Читаем Обстоятельства речи. Коммерсантъ-Weekend, 2007–2022 полностью

Ощущение оживания, воскресения из мертвых настигает и обновляется при каждом реальном действии, самом мелком: достаточно душа или запаха липы в московском дворе, и все во мне просыпается и поет от радости вернуться. Но оцепенение еще сильней — и никакая работа, никакое развлеченье не мешают постоянному замиранию, прислушиванию, переходу в состояние неуверенной статики. Лидия Гинзбург назвала его «подвешенностью». «Человек с удивлением начинает понимать, что, сидя у себя в комнате, он висит в воздухе <…> у него над головой, под ногами так же висят другие люди». Эта общая жизнь, это соприсутствие всех со всеми мало ощущались в до-катастрофической жизни; вернее, для того чтобы почувствовать единство, в общественном пространстве отводились специальные места: форумы, проспекты, городские парки и площади, где видно всем и всех.
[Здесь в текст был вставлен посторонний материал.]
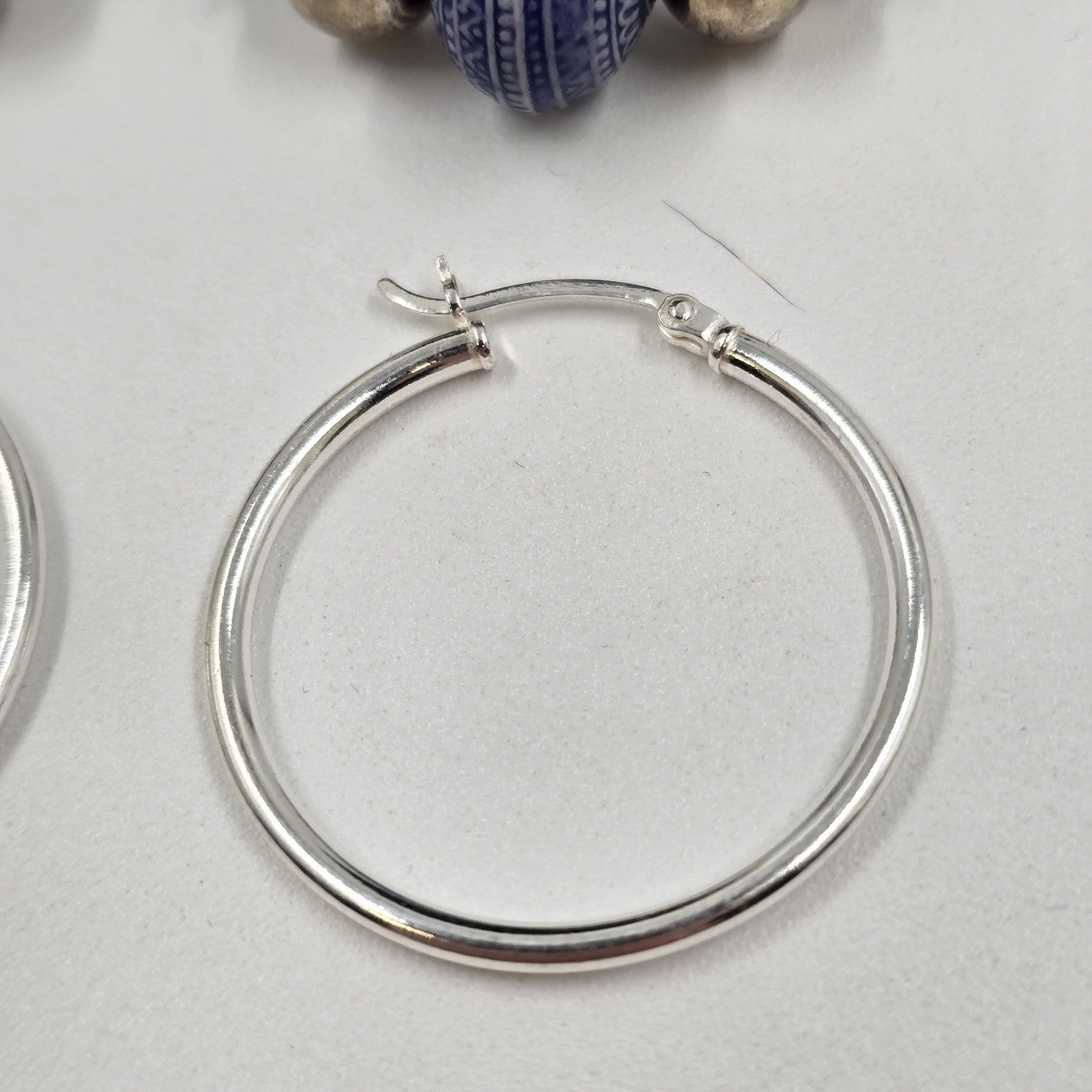 This set includes two pairs of silver-tone hoop earrings, each with a unique design. The first pair features classic plain silver-tone wire hoops, perfect for a minimalist look. The second pair showcases silver-tone hoops adorned with blue and silver-tone beads, adding a touch of floral-inspired charm. Both pairs are approximately 1.25 inches in diameter, making them versatile accessories for any occasion.

Но в доме, в собственной коробочке, все нарочно устроено, чтобы забыть о присутствии ближнего, не слышать соседей, не быть увиденными из чужого окна. Но сейчас я только это — без всякого сопротивления — и чувствую: в каждой квартире многоэтажного дома напротив такие же, как я, зависшие в янтарном времени мухи не идут на работу, долго сидят за завтраком, слишком рано или поздно ложатся спать, неосознанно и неизбежно повторяют движения друг друга, зудят плохо слаженным, но ритмичным хором.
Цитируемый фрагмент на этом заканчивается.